Estamos totalmente de acuerdo en que el régimen de Asad tiene la mayor cuota de responsabilidad en todo lo que ha acontecido en Siria, que es ante todo consecuencia de sus décadas de gobierno corrupto y autoritario. Además, el régimen reprimió violentamente un levantamiento popular de masas similar a los que se estaban produciendo en la región en 2011, facilitando la militarización y sectarización del conflicto. Estamos también de acuerdo en que el apoyo exterior de Rusia e Irán impidió la caída del régimen y que esta coalición de fuerzas pro-Asad es directamente responsable de la inmensa mayoría de la violencia, desplazamiento, atrocidades y destrucción en Siria.

Nuestro argumento es que, no obstante, EE. UU. ha desempeñado un papel significativo en la trayectoria de Siria posterior a 2011. Nos centramos en este rol no porque sea el factor más destacado en el conflicto, sino porque ambos somos académicos en EE. UU. y escribimos para analizar qué es lo que piensan los activistas y responsables políticos sobre la política exterior estadounidense. No escribimos desde un antiamericanismo rotundo, ni pensamos que Estados Unidos es la única potencia imperial relevante. El comportamiento ruso e iraní en Siria ha sido profundamente imperialista.

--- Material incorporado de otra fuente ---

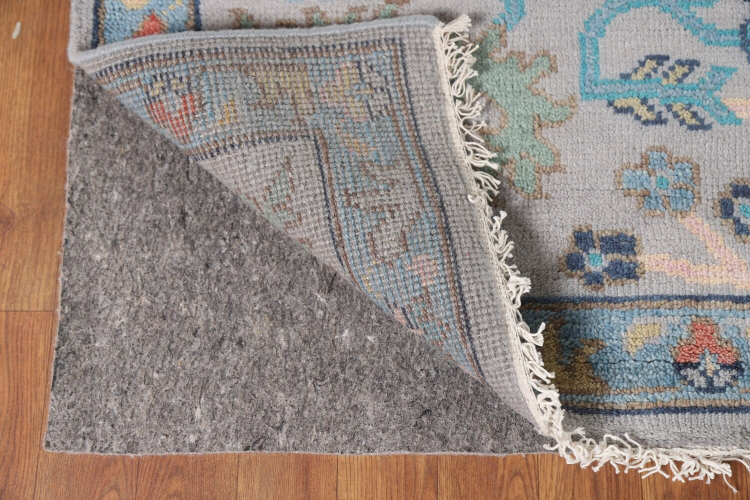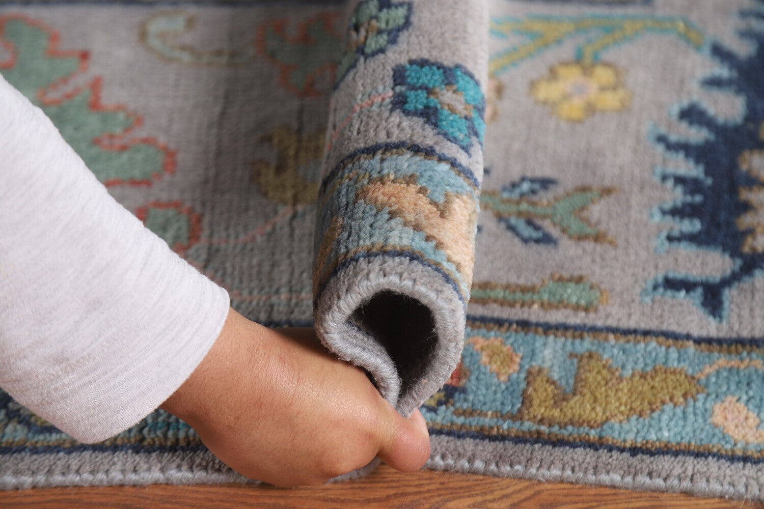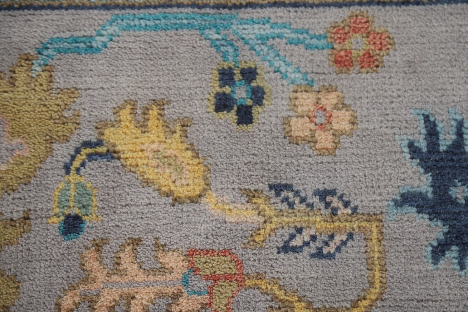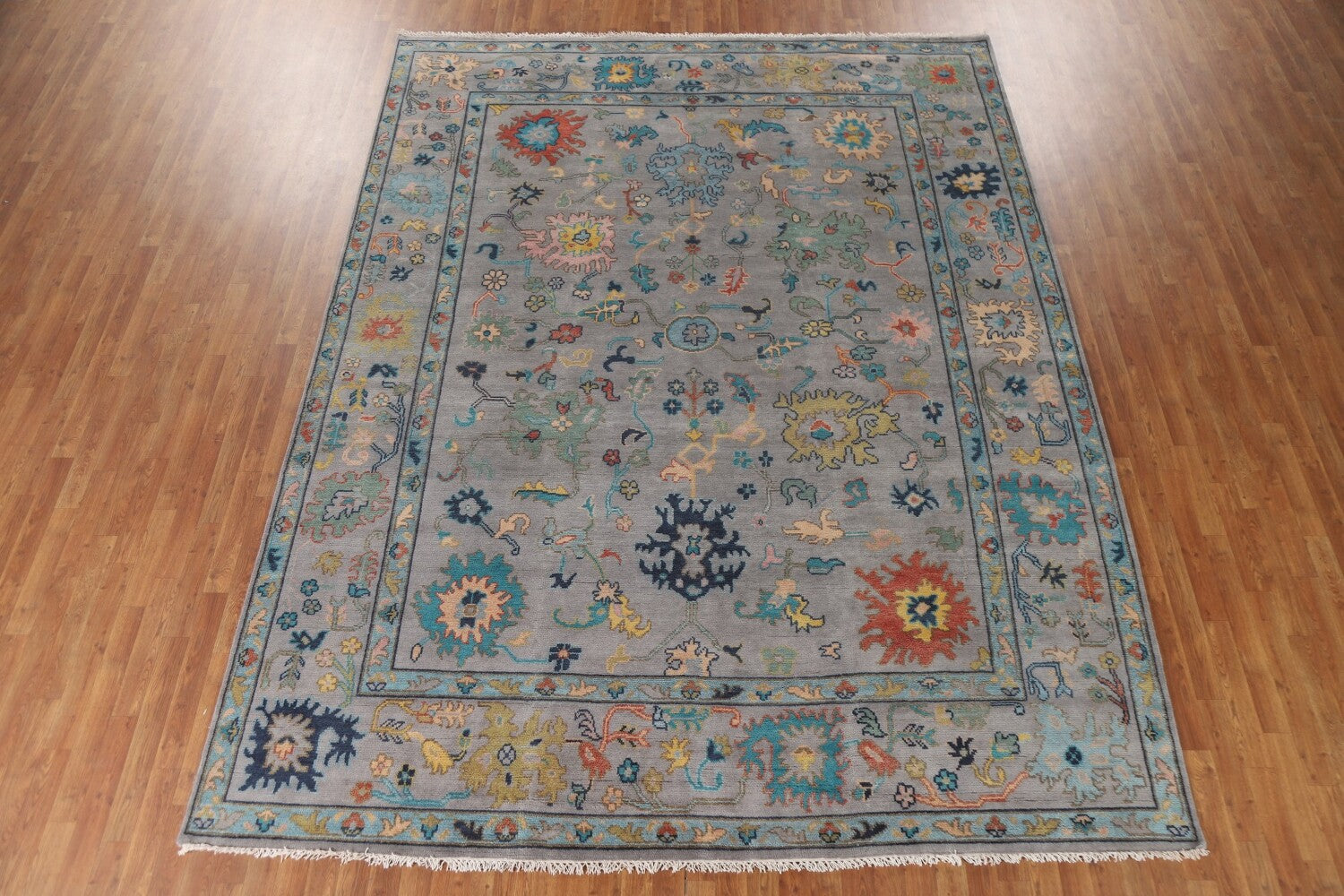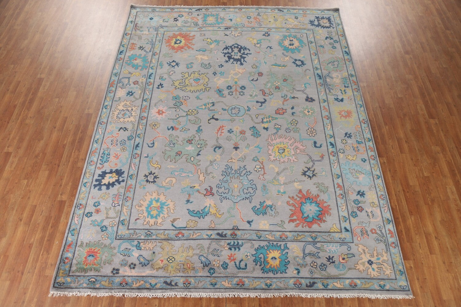 A Beautiful Genuine India Oushak rug is Hand Knotted by skillful weavers in India with 100% Wool Material. This rug is in New, First Quality condition. dimensions are 11' 10'' X 9' 1'' in foot and 361 X 277 in centimeter. the primary color is Greys & Charcoal.

Pero dado que existe un cierto grado de culpabilidad estadounidense, consideramos que es responsabilidad nuestra ofrecer un camino que EE. UU podría seguir.

Así pues, ¿cuál fue el papel de EE. UU.? Al comienzo del conflicto, los políticos estadounidenses se opusieron a una solución diplomática inclusiva a favor del enfoque «Asad debe marcharse». Apoyaron la formación del Consejo Nacional Sirio, se opusieron a negociaciones que incluyeran a Irán y ofrecieron apoyo a sus aliados regionales financiando y armando grupos sobre el terreno, contribuyendo también de esa forma a la militarización y sectarización. A medida que el conflicto avanzaba, EE. UU. empezó además a armar y entrenar a apoderados locales a través de un programa secreto dirigido por la CIA. Pero todo esto estaba guiado por una suposición errónea: que una fuerza limitada inclinaría la balanza y llevaría al derrocamiento del régimen. La intervención inicial en 2011 y 2012 proporcionó apoyo suficiente para que diversos grupos rebeldes continuaran la guerra contra Asad pero no bastó para que ganaran, asegurando de esa forma la prolongación de la violencia.

Ya en 2012, EE. UU. mismo predijo que la financiación de los rebeldes, junto con la retirada de las fuerzas del régimen sirio del norte y este de Siria, crearían las condiciones para la aparición -en las palabras de un documento de la Agencia de Inteligencia de la Defensa- de una región salafista controlada en Siria. Una vez que allí surgió el Estado Islámico, EE. UU. empezó en 2014 a financiar, entrenar y armar directamente a los rebeldes sirios para que combatieran al ISIS. Los ataques estadounidenses y una campaña aérea más amplia contra el ISIS prosiguieron, con un record de víctimas civiles por todo Iraq y Siria. La campaña anti-ISIS se convirtió asimismo en un conducto de fondos y armas estadounidenses para las fuerzas kurdas del YPG.

Como se desprende de este breve informe, la intervención de EE. UU. en Siria ha buscado continuamente tanto facilitar el papel de los aliados regionales en el conflicto a través de sus milicias intermediarias elegidas, como intervenir directamente donde los intereses geoestratégicos de EE. UU. así lo requerían. Nada de esto cambia nuestra opinión sobre la brutalidad del régimen sirio y sus patrocinadores externos, pero pone de relieve que EE. UU. también desempeñó un papel. Es posible que no haya perpetrado directamente gran parte de la violencia, aunque sus ataques aéreos sí han afectado a un gran número de civiles, pero sus decisiones tuvieron un efecto claro en la metástasis del conflicto.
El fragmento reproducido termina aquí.